Following an impressive rise in recent years, the Czech Pirate Party is one of the main contenders in the country’s upcoming national elections. In a political context still marked by divisions from the last century, the Pirates are trying to put forward a different, pro-European narrative. Pirate Party MEP Mikuláš Peksa explains why he is convinced the European level is the place to solve problems such as corruption and threats to digital rights.  

This interview is part of a series that we published in partnership with Le Grand Continent on green parties in Europe.

Green European Journal: The Czech Pirates have gone from strength to strength in recent years; conquering the Prague mayoral elections and electing three MEPs to the European Parliament. Now you’re looking ahead to elections in October as one of the main parties. What explains this success?

Mikuláš Peksa: Speaking practically, the Czech Pirate Party (CPP) is part of the broader Pirate movement. We have colleagues in the parliaments of Luxembourg and Iceland, and some other Pirate parties have been successful in Europe. The recipe behind this success is constant striving for transparency, information freedom, self-determination, privacy protection, and protection of fundamental rights. Those are the values that distinguish us.

Countries that were formerly behind the Iron Curtain all share certain structural problems of corruption linked to the continued influence of former Communists. For example, the current Prime Minister Andrej Babiš is a former Communist and member of the intelligence service. He is also one of the richest men in Czechia. That’s how it works here and that’s why the mix of more transparency, fighting corruption, and improving public services has proved successful. It’s something people haven’t received from the state since 1989. The people today expect more.

The Pirates are allied with Green parties at the European level but your roots and identity are different: the movement to reject the intellectual property rights enforcement treaty ACTA around 2012 was particularly strong in Central and Eastern Europe, for example. What role do the rising importance of ecology and the green agenda play in Czechia? Is it a major issue and how do the Pirates position themselves?

The Czech Pirates were set up as an optimistic technostructure movement relying on data and science. The “Green Wave” that we see in European politics is closely connected to the scientific findings that show the horrible and worsening state of our planet. Starting from this point without any prejudices, the immediate conclusion is that something needs to be done. So for us Pirates, the green agenda is a purely rational effort to save the planet and climate.

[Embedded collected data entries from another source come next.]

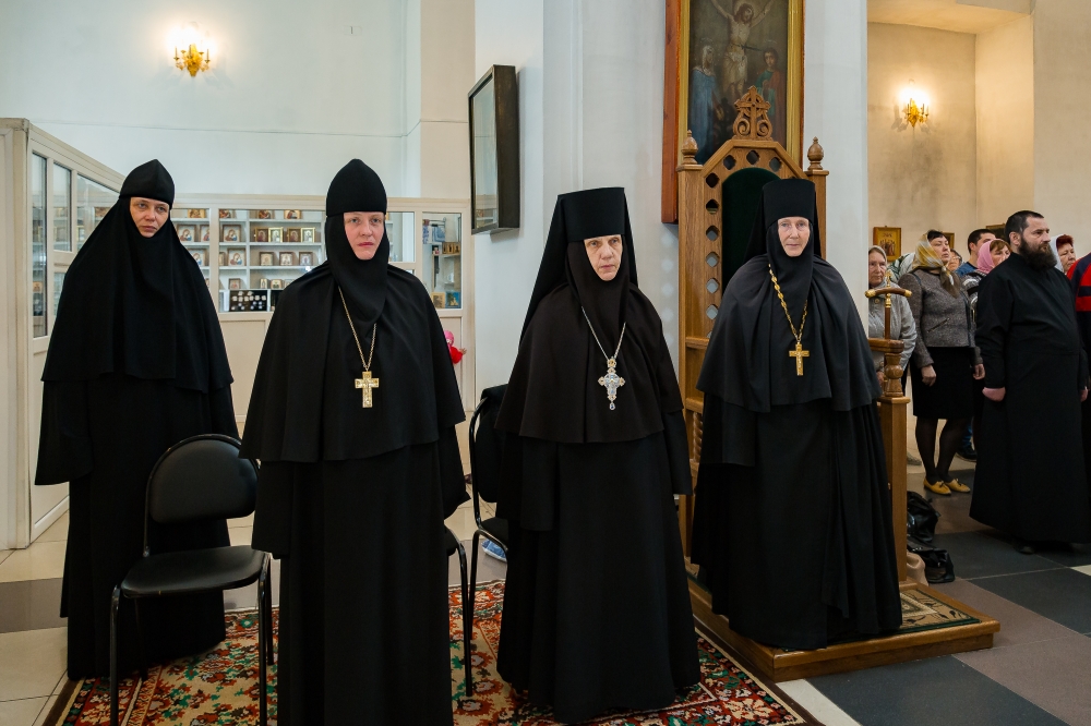 За богослужением молились: настоятельница Нижнеломовского Успенского монастыря игумения Варвара (Трофимова) с сестрами и прихожанами обители, настоятельница Наровчатского Троице-Сканова женского монастыря игумения Тавифа (Бакулина) и настоятельница Троицкого женского монастыря г. Пензы игумения Александра (Макова).
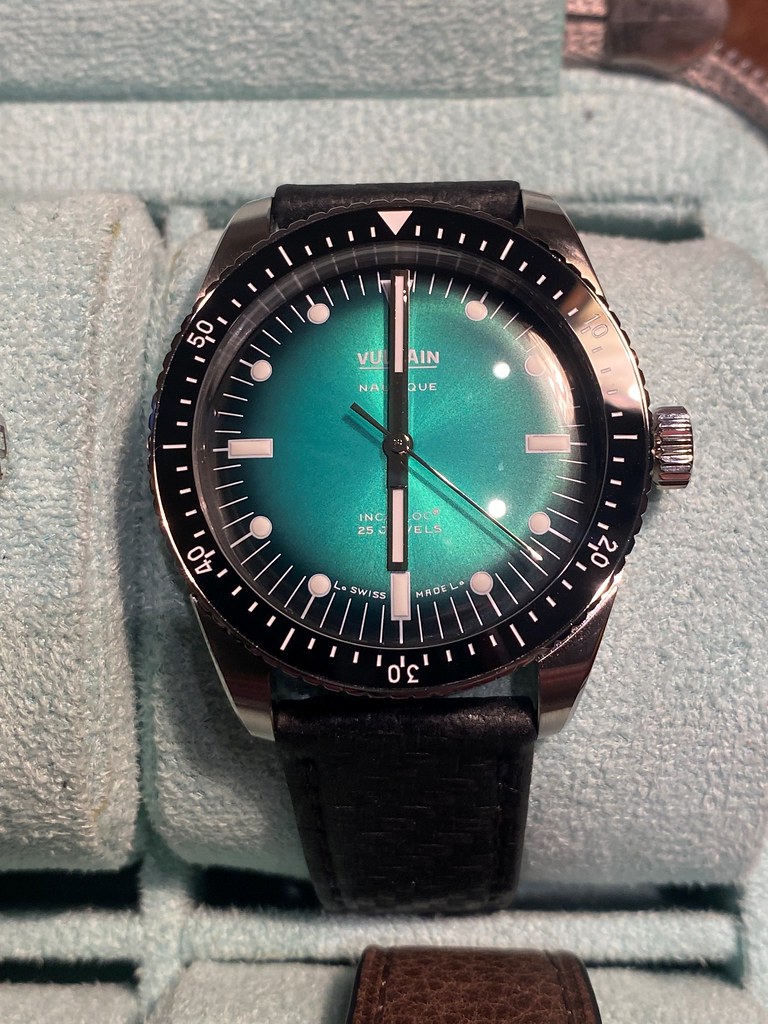 4. Vulcain. Skindiver Nautique. Special edition of 50 pieces for Oracat Jewelers in France. "Wembley." Sold out. 38mm. Price shipped in USA is $1200.
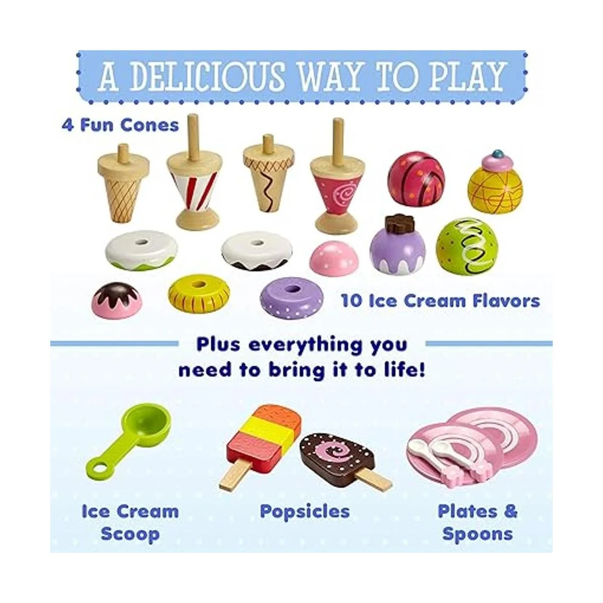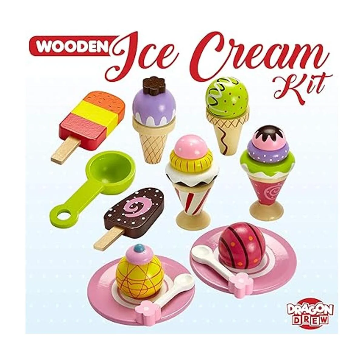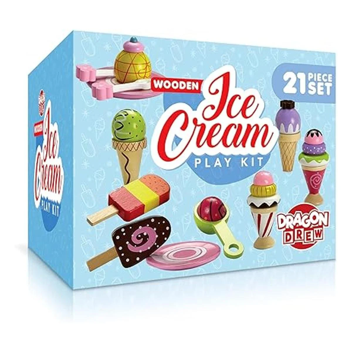 Playset de helado de fantasía hecho 100% de madera verdadera, producto de Dragon Drew (conjunto de 25 piezas)
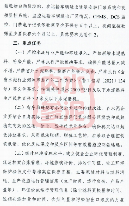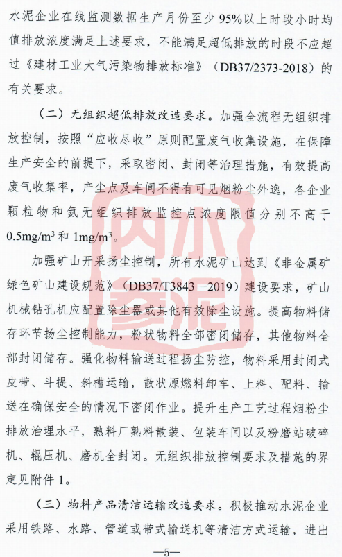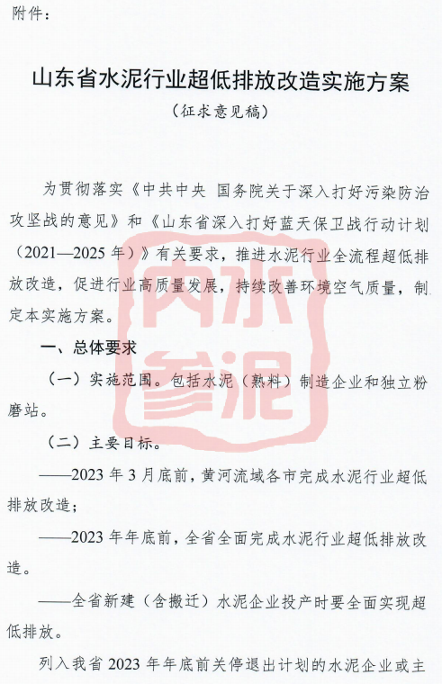 日前,山東省生態(tài)環(huán)境廳針對水泥(熟料)制造企業(yè)和獨立粉磨站起草了《山東省水泥行業(yè)超低排放改造實施方案(征求意見稿)》:
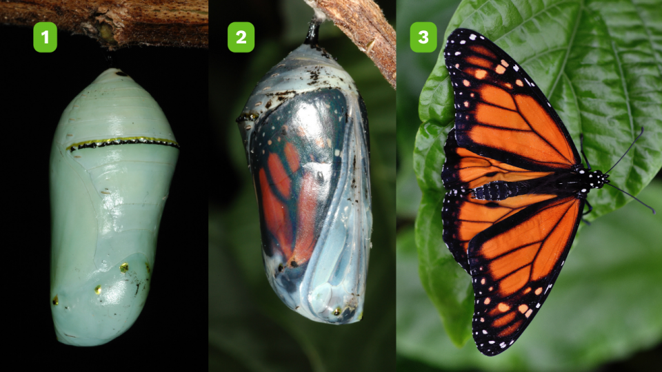 Clique sur la flèche à droite pour voir le cycle de vie du monarque! 👇

Most Czech parties are part of the generation that was set up following the revolution in 1989. What they all share is that they position themselves vis-à-vis the former regime: either against it or with nostalgia. In this context, bringing something new – climate protection – creates a huge misunderstanding. We are either perceived as Communists coming from the West trying to impose restrictions on traditional ways of doing things or the former Communist Party whips up their old anti-German and anti-American narratives against us. Most politicians and media figures are still stuck in this 1990s version of the world. That’s why we are relying more and more on the new progressive, liberal media that are ready and willing to actually cover climate change properly to deepen people’s understanding of the issues.

So that’s at the level of politics but what about in society? Are there young climate protestors in the streets or older generations protecting the forests as in Poland? In the 1970s, the Czech environmental movement was quite large and helped destabilise the regime.

The wave of environmental mobilisation that was seen under the Communist regime and during the 1990s weakened in the last couple of decades. That many environmental measures were finally actually applied also partly explains its decline. Today, movements such as Fridays for Future do exist, but they are much weaker than in Germany. Even though most people accept that climate change exists and is a problem, the level of mobilisation and emotions connected to it are too weak to build a campaign purely on environmental or climate issues.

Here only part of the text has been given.